*Work instructions*
Look through the material below. Return exactly the lines from the one with "バングルと指輪をつなげたボヘ" through the one with "雖然黑色風(fēng)衣是經", both included.

*Extracted entries*
____

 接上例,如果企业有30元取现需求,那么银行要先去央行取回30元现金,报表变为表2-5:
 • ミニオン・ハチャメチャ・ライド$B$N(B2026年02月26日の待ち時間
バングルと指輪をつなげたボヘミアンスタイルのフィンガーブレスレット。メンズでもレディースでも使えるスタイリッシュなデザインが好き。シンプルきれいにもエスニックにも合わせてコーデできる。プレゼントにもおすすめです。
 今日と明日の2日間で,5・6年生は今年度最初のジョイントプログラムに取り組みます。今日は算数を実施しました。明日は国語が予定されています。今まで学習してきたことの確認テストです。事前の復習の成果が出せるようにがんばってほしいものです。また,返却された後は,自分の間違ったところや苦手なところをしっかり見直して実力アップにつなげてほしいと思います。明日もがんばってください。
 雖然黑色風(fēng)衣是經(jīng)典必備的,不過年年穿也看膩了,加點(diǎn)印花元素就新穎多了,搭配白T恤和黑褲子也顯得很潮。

____

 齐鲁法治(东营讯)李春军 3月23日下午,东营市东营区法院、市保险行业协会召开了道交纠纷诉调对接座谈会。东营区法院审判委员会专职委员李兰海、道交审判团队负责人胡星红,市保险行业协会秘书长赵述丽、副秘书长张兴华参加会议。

____

*Answer to the exercise*
バングルと指輪をつなげたボヘミアンスタイルのフィンガーブレスレット。メンズでもレディースでも使えるスタイリッシュなデザインが好き。シンプルきれいにもエスニックにも合わせてコーデできる。プレゼントにもおすすめです。
 今日と明日の2日間で,5・6年生は今年度最初のジョイントプログラムに取り組みます。今日は算数を実施しました。明日は国語が予定されています。今まで学習してきたことの確認テストです。事前の復習の成果が出せるようにがんばってほしいものです。また,返却された後は,自分の間違ったところや苦手なところをしっかり見直して実力アップにつなげてほしいと思います。明日もがんばってください。
 雖然黑色風(fēng)衣是經(jīng)典必備的,不過年年穿也看膩了,加點(diǎn)印花元素就新穎多了,搭配白T恤和黑褲子也顯得很潮。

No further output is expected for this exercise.